INSTRUCTIONS TO FOLLOW
All of the data should be restated word for word, with the pictures omitted.

MATERIAL SUPPLIED
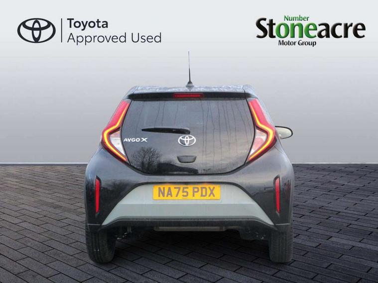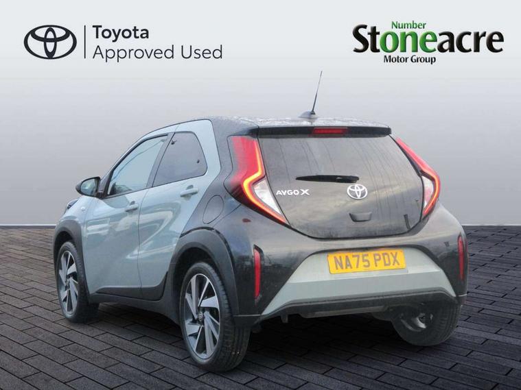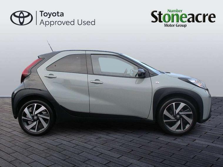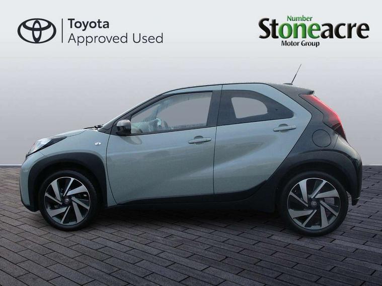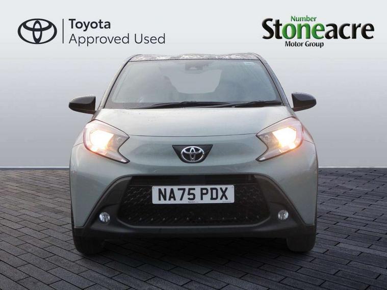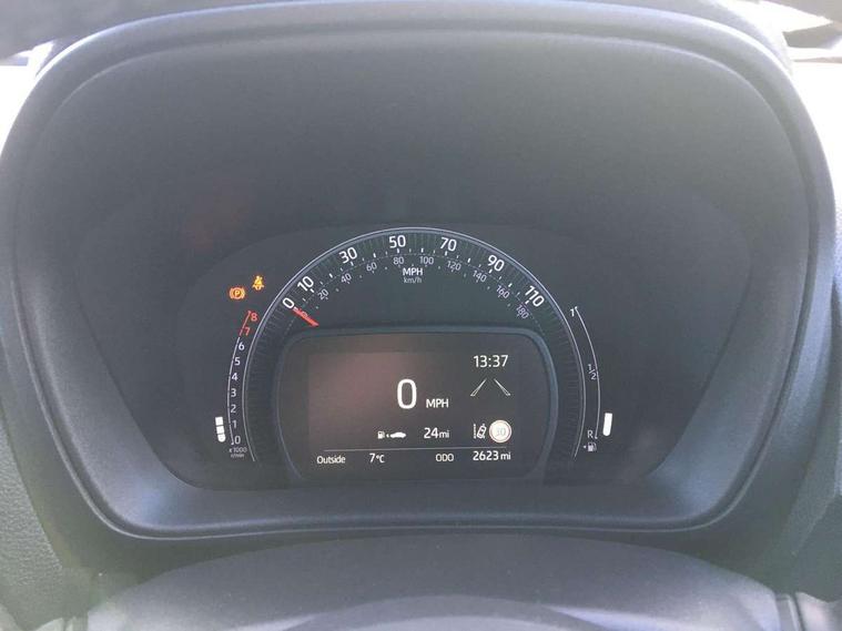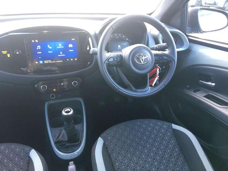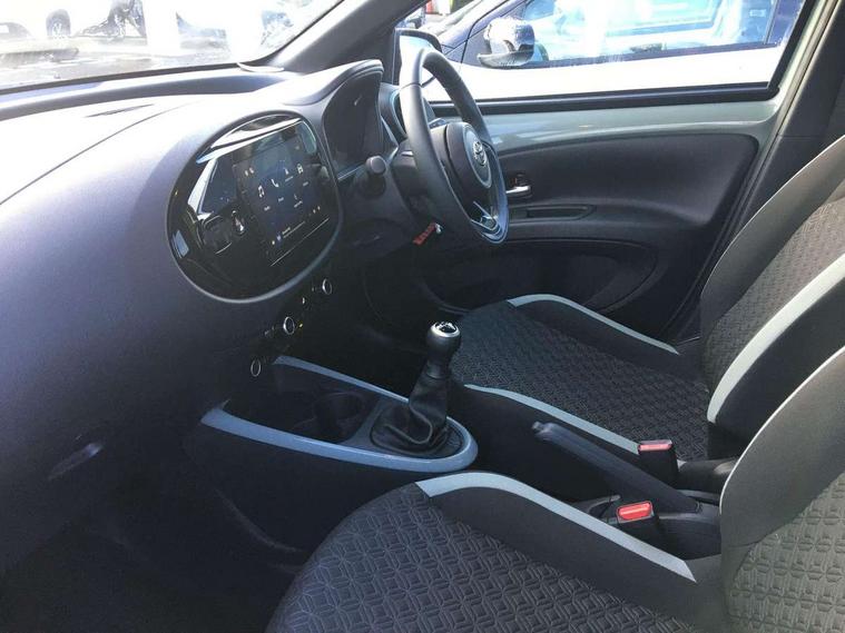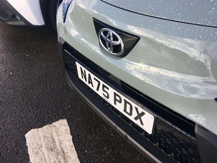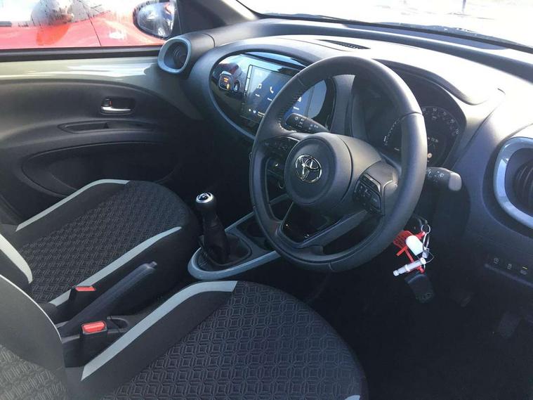 4.2" TFT colour screen, Adjustable speed limiter, Analogue speedometer, Bluetooth connectivity, Digital tachograph, Driver attention alert system, eCall emergency call system, Electric power steering, Intersection turn assist, Key reminder warning, Noise reduction kit, Pre collision system with emergency steering assist, Reversing camera with static guide lines, Smart phone integration with Apple car play/Android Auto, Speed limit display, Start and stop, Vehicle Stability Control (VSC), 4 speakers, 9" HD multimedia display touch screen with Toyota smart connect, DAB digital audio broadcast, USB connector, Auto headlights, Auto wipers, Automatic headlights cut-off, Bicycle towing hook, Black contrast roof, Black side protection mouldings, Black wheel arch mouldings, Body colour door handles, Body coloured front bumper, Boot door scuff plate, Eclipse black rear bumper, Electric heated door mirrors, Follow me home headlights, Front fog lights, Front power windows, Gloss black door mirrors, Gloss black upper front grille, Headlight cut-off reminder, LED daytime running lights, LED front light guide, LED High mounted stop lamp, Manual day/night rear view mirror, Manual headlight levelling, Pagoda roof, Power adjustable door mirrors, Power back door, Privacy glass, Projector halogen headlights, Rain sensor, Rear combination lights LED bulb type, Rear side wing doors, Rear windscreen defogger, Rear windscreen wiper, Short antenna, Variable intermittent windscreen wipers, 12v power outlet - front, 2 seat bench in 2nd row, 3 spoke leather steering wheel, 50/50 split folding rear seat, Adhesive roof headlining, Adjustable speed limiter switch on steering wheel, Audio and telephone switches on steering wheel, Auto air conditioning, Black insert on steering wheel, Black roof lining, Boot light, Centre room light, Chrome interior door handles, Chrome surround on air conditioning buttons, Clean air filter, Console box storage in body color, Fabric upholstery, Floor mats, Front and rear cup holders, Front head rest deco art, Front head restraints, Height adjustable driver seat, Intelligent adaptive cruise control switch on steering wheel, ISOFIX child restraint system on rear seats, Lane departure alert switch on steering wheel, Leather gearshift knob, Manual tilt steering wheel, Manually reclining and sliding driver seat, Manually reclining and sliding front passenger seat, Multimedia switches on steering wheel, Pollen filter, Rear door pockets, Rear head restraints, Satin silver insert on gear shift knob, Single compartment glovebox with lights, Single front passenger seat, Soft tonneau cover, Sun visors with mirror on driver and passenger side, Voice recognition switch on steering wheel, Toyota safety sense pack - Aygo X, Anti lock braking system + Electronic brake force distribution, Child safety door lock, Emergency brake light signal (EBS), Hill start assist control (HAC), Passenger airbag on/off switch, Seat belt reminder for front and rear seats, Supplement restraints system (SRS) - 6 airbags, Traction control, Tyre pressure warning system, Immobiliser, Remote power door locks, Black wheel centre caps, Tyre repair kit,
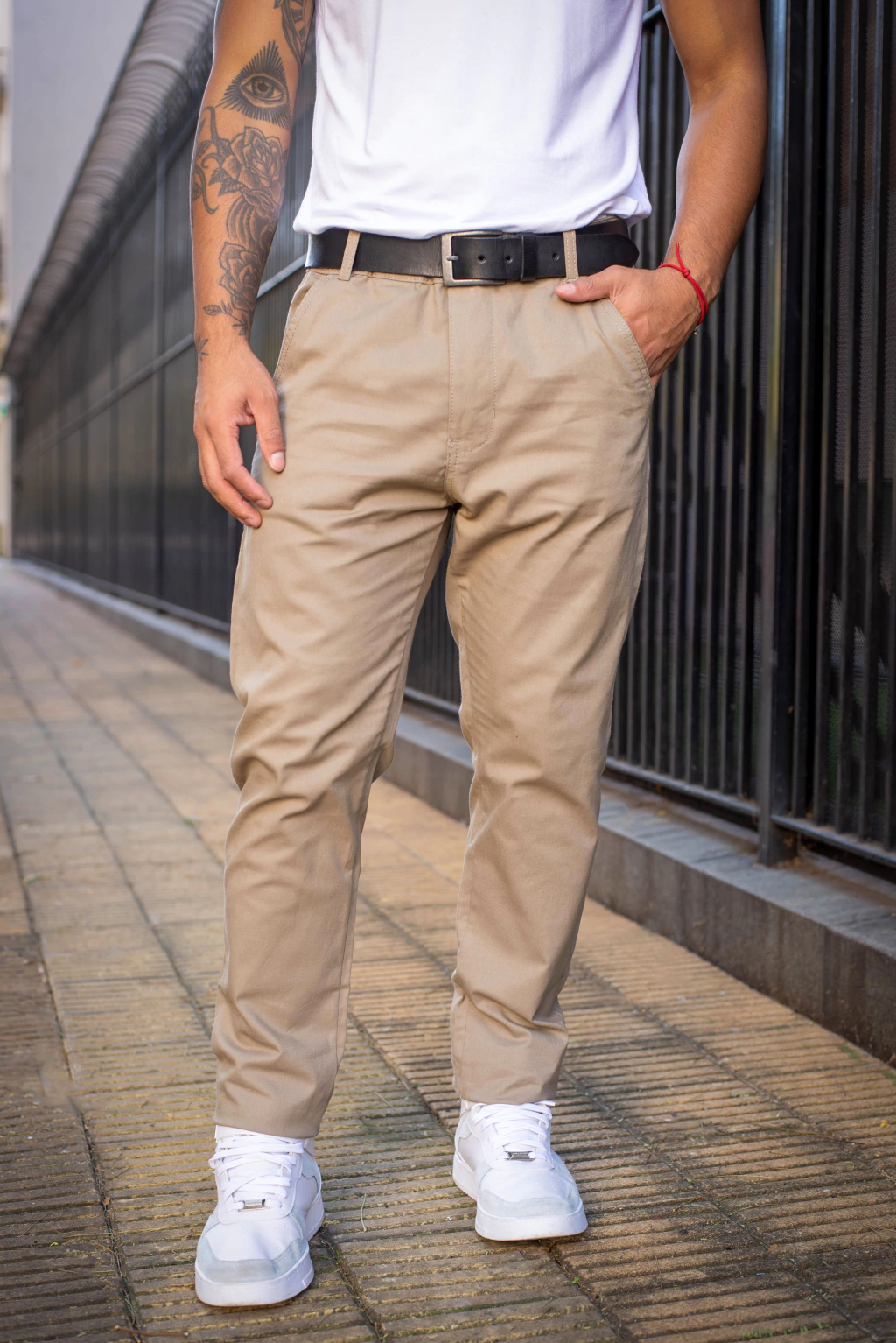 PANTALON DE GABARDINA BEIGE OSCURO CORTE CHINO TALLES 38-48 CRUZO
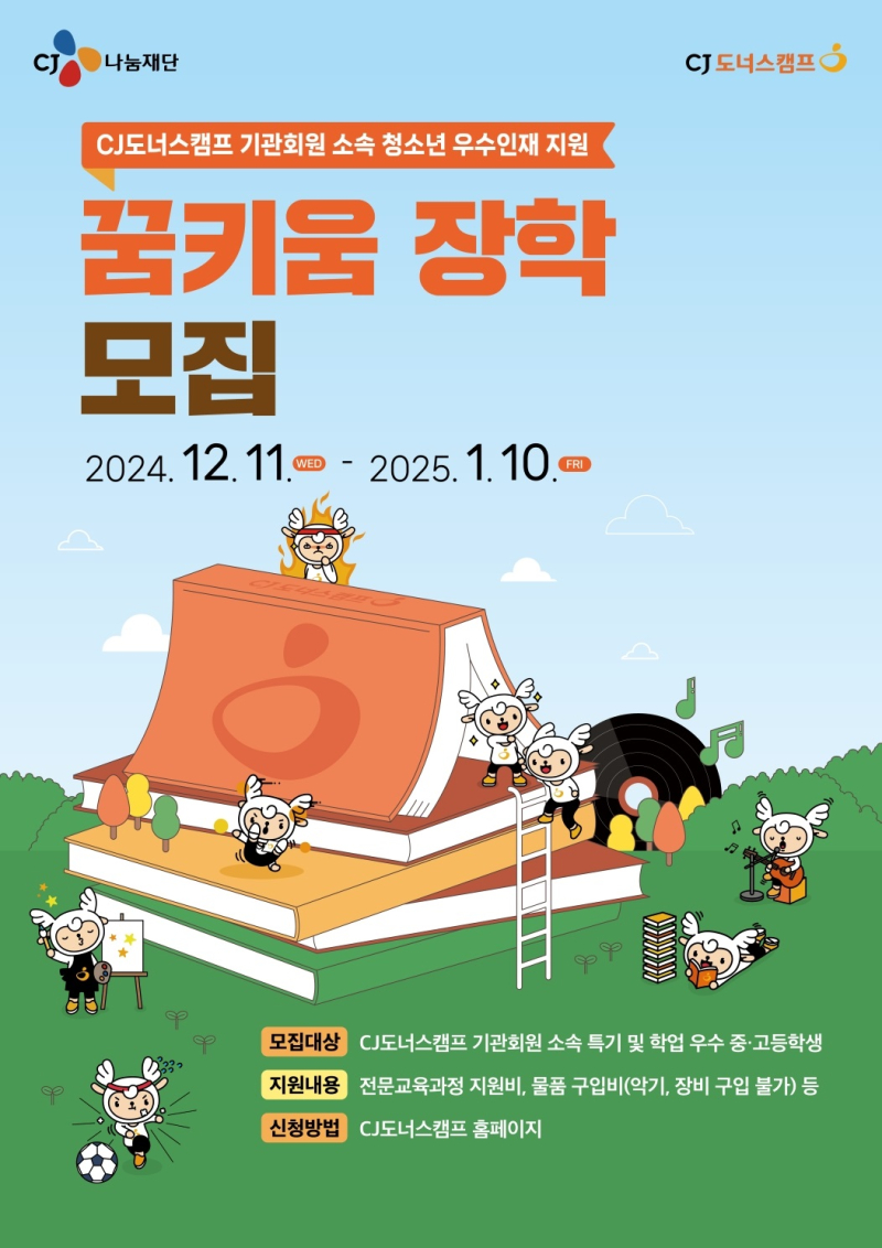 CJ나눔재단(이사장 이재현)이 2025년 1월 10일까지 취약계층 청소년의 학업 및 특기 분야 우수 인재 양성을 지원하는 ‘CJ도너스캠프 꿈키움 장학’ 프로그램 참여자를 모집한다고 밝혔다.
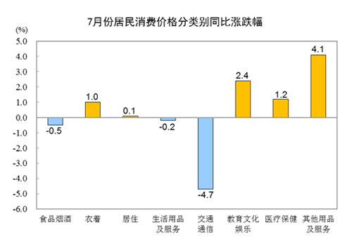7月份,食品煙酒類價(jià)格同比下降0.5%,影響CPI(居民消費(fèi)價(jià)格指數(shù))下降約0.14個(gè)百分點(diǎn)。食品中,畜肉類價(jià)格下降14.0%,影響CPI下降約0.48個(gè)百分點(diǎn),其中豬肉價(jià)格下降26.0%,影響CPI下降約0.41個(gè)百分點(diǎn);鮮菜價(jià)格下降1.5%,影響CPI下降約0.03個(gè)百分點(diǎn);鮮果價(jià)格上漲5.0%,影響CPI上漲約0.10個(gè)百分點(diǎn);水產(chǎn)品價(jià)格上漲0.4%,影響CPI上漲約0.01個(gè)百分點(diǎn);糧食價(jià)格上漲0.3%,影響CPI上漲約0.01個(gè)百分點(diǎn)。
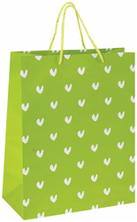 Изготовлен из ламинированной мелованной бумаги с веревочными ручками из полипропилена. Размер – 26x13x32 см. Пакет с принтом в виде галочек-сердечек выполнен в зеленом цвете.
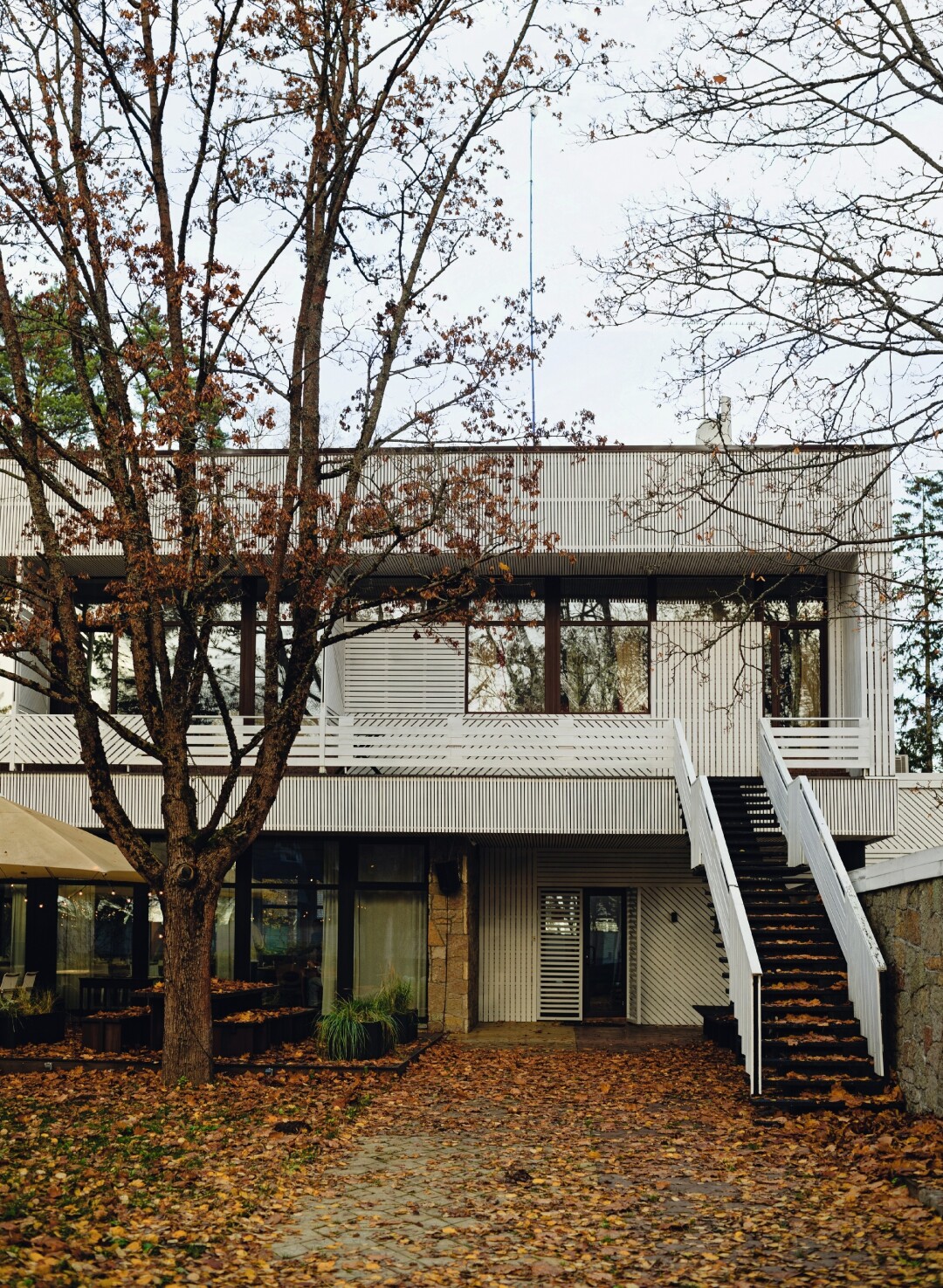 Амбиции быть культурным центром Muze Garden заявил с самого открытия летом 2022 года. Кто не доехал сюда на концерт Михаила Феничева (2h Company, «ЕстьЕстьЕсть») в рамках арт-фестиваля «Курорт», тот побывал здесь на любимой городской ярмарке искусства «Из профессорской квартиры», которую каждый сезон устраивает KGallery. Для многих впечатлением стал не только сам Muze Garden, но и факт, что невероятный Дом творчества все это время был под боком, но о нем мало кто знал и тем более заходил. Строго говоря, Дом творчества композиторов в Репине — это не конкретное здание, а целая территория, которую в свое ведение в 1948 году получил Ленинградский союз композиторов. Корпусов — больше 20, одни — перелицованные куоккальские дачи, другие — коттеджи, построенные в 1950-х и позже. Главный корпус, в котором стал резидентом Muze Garden — постройка 1968 года: тут была большая столовая, киноконцертный зал, бильярдная и библиотека. Среди корпусов-домиков это здание — и правда, флагманский корабль, гимн архитектурного минимализма, где брутальная доминанта формы кажется даже изящной благодаря легкому стаккато реечного шага деревянной обшивки.
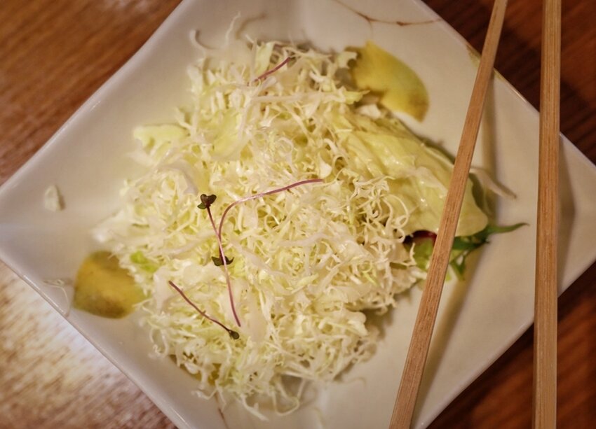 可無限續加的高麗菜絲,想吃多少就可以吃多少,桌上有和風醬以及胡麻沙拉醬可使用。
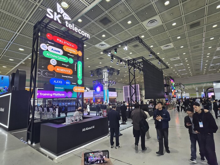 'All about AI(AI의 모든 것)'를 전시 콘셉트로 864㎡(약 262평) 규모의 대형 전시관을 마련한 SK텔레콤은 AI 인프라부터 모델, 서비스까지 풀스택 AI 전 영역 등 AI의 미래 청사진을 제시했다.
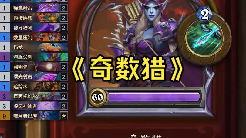 ### 奇数猎 # 职业:猎人 # 模式:狂野模式 # # 1x (1) 保卫矮人区 # 2x (1) 倒刺捕网 # 2x (1) 击伤猎物 # 2x (1) …
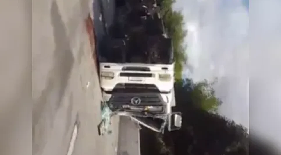 Conforme a Polícia Rodoviária Federal (PRF), o caminhão estava carregado com pallets. Ele está tombado na faixa da esquerda.
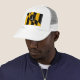 Trucker Hat with flag of city of Baltimore, Maryland; black and yellow flag with an illustration of Battle Monument
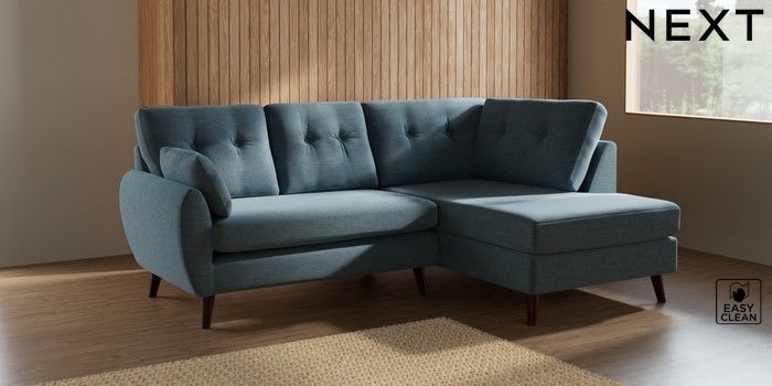 7.3.1 Buy Wilson Buttoned Back Medium Corner Chaise - Right Hand Fine Chenille Easy Clean Mid Blue Retro Tapered - Dark Brown from the Seasons online shop Click here to use our website with more accessibility support, for example screen readers

EXPECTED OUTPUT
 4.2" TFT colour screen, Adjustable speed limiter, Analogue speedometer, Bluetooth connectivity, Digital tachograph, Driver attention alert system, eCall emergency call system, Electric power steering, Intersection turn assist, Key reminder warning, Noise reduction kit, Pre collision system with emergency steering assist, Reversing camera with static guide lines, Smart phone integration with Apple car play/Android Auto, Speed limit display, Start and stop, Vehicle Stability Control (VSC), 4 speakers, 9" HD multimedia display touch screen with Toyota smart connect, DAB digital audio broadcast, USB connector, Auto headlights, Auto wipers, Automatic headlights cut-off, Bicycle towing hook, Black contrast roof, Black side protection mouldings, Black wheel arch mouldings, Body colour door handles, Body coloured front bumper, Boot door scuff plate, Eclipse black rear bumper, Electric heated door mirrors, Follow me home headlights, Front fog lights, Front power windows, Gloss black door mirrors, Gloss black upper front grille, Headlight cut-off reminder, LED daytime running lights, LED front light guide, LED High mounted stop lamp, Manual day/night rear view mirror, Manual headlight levelling, Pagoda roof, Power adjustable door mirrors, Power back door, Privacy glass, Projector halogen headlights, Rain sensor, Rear combination lights LED bulb type, Rear side wing doors, Rear windscreen defogger, Rear windscreen wiper, Short antenna, Variable intermittent windscreen wipers, 12v power outlet - front, 2 seat bench in 2nd row, 3 spoke leather steering wheel, 50/50 split folding rear seat, Adhesive roof headlining, Adjustable speed limiter switch on steering wheel, Audio and telephone switches on steering wheel, Auto air conditioning, Black insert on steering wheel, Black roof lining, Boot light, Centre room light, Chrome interior door handles, Chrome surround on air conditioning buttons, Clean air filter, Console box storage in body color, Fabric upholstery, Floor mats, Front and rear cup holders, Front head rest deco art, Front head restraints, Height adjustable driver seat, Intelligent adaptive cruise control switch on steering wheel, ISOFIX child restraint system on rear seats, Lane departure alert switch on steering wheel, Leather gearshift knob, Manual tilt steering wheel, Manually reclining and sliding driver seat, Manually reclining and sliding front passenger seat, Multimedia switches on steering wheel, Pollen filter, Rear door pockets, Rear head restraints, Satin silver insert on gear shift knob, Single compartment glovebox with lights, Single front passenger seat, Soft tonneau cover, Sun visors with mirror on driver and passenger side, Voice recognition switch on steering wheel, Toyota safety sense pack - Aygo X, Anti lock braking system + Electronic brake force distribution, Child safety door lock, Emergency brake light signal (EBS), Hill start assist control (HAC), Passenger airbag on/off switch, Seat belt reminder for front and rear seats, Supplement restraints system (SRS) - 6 airbags, Traction control, Tyre pressure warning system, Immobiliser, Remote power door locks, Black wheel centre caps, Tyre repair kit,
 PANTALON DE GABARDINA BEIGE OSCURO CORTE CHINO TALLES 38-48 CRUZO
 CJ나눔재단(이사장 이재현)이 2025년 1월 10일까지 취약계층 청소년의 학업 및 특기 분야 우수 인재 양성을 지원하는 ‘CJ도너스캠프 꿈키움 장학’ 프로그램 참여자를 모집한다고 밝혔다.
7月份,食品煙酒類價(jià)格同比下降0.5%,影響CPI(居民消費(fèi)價(jià)格指數(shù))下降約0.14個(gè)百分點(diǎn)。食品中,畜肉類價(jià)格下降14.0%,影響CPI下降約0.48個(gè)百分點(diǎn),其中豬肉價(jià)格下降26.0%,影響CPI下降約0.41個(gè)百分點(diǎn);鮮菜價(jià)格下降1.5%,影響CPI下降約0.03個(gè)百分點(diǎn);鮮果價(jià)格上漲5.0%,影響CPI上漲約0.10個(gè)百分點(diǎn);水產(chǎn)品價(jià)格上漲0.4%,影響CPI上漲約0.01個(gè)百分點(diǎn);糧食價(jià)格上漲0.3%,影響CPI上漲約0.01個(gè)百分點(diǎn)。
 Изготовлен из ламинированной мелованной бумаги с веревочными ручками из полипропилена. Размер – 26x13x32 см. Пакет с принтом в виде галочек-сердечек выполнен в зеленом цвете.
 Амбиции быть культурным центром Muze Garden заявил с самого открытия летом 2022 года. Кто не доехал сюда на концерт Михаила Феничева (2h Company, «ЕстьЕстьЕсть») в рамках арт-фестиваля «Курорт», тот побывал здесь на любимой городской ярмарке искусства «Из профессорской квартиры», которую каждый сезон устраивает KGallery. Для многих впечатлением стал не только сам Muze Garden, но и факт, что невероятный Дом творчества все это время был под боком, но о нем мало кто знал и тем более заходил. Строго говоря, Дом творчества композиторов в Репине — это не конкретное здание, а целая территория, которую в свое ведение в 1948 году получил Ленинградский союз композиторов. Корпусов — больше 20, одни — перелицованные куоккальские дачи, другие — коттеджи, построенные в 1950-х и позже. Главный корпус, в котором стал резидентом Muze Garden — постройка 1968 года: тут была большая столовая, киноконцертный зал, бильярдная и библиотека. Среди корпусов-домиков это здание — и правда, флагманский корабль, гимн архитектурного минимализма, где брутальная доминанта формы кажется даже изящной благодаря легкому стаккато реечного шага деревянной обшивки.
 可無限續加的高麗菜絲,想吃多少就可以吃多少,桌上有和風醬以及胡麻沙拉醬可使用。
 'All about AI(AI의 모든 것)'를 전시 콘셉트로 864㎡(약 262평) 규모의 대형 전시관을 마련한 SK텔레콤은 AI 인프라부터 모델, 서비스까지 풀스택 AI 전 영역 등 AI의 미래 청사진을 제시했다.
 ### 奇数猎 # 职业:猎人 # 模式:狂野模式 # # 1x (1) 保卫矮人区 # 2x (1) 倒刺捕网 # 2x (1) 击伤猎物 # 2x (1) …
 Conforme a Polícia Rodoviária Federal (PRF), o caminhão estava carregado com pallets. Ele está tombado na faixa da esquerda.
 Trucker Hat with flag of city of Baltimore, Maryland; black and yellow flag with an illustration of Battle Monument
 7.3.1 Buy Wilson Buttoned Back Medium Corner Chaise - Right Hand Fine Chenille Easy Clean Mid Blue Retro Tapered - Dark Brown from the Seasons online shop Click here to use our website with more accessibility support, for example screen readers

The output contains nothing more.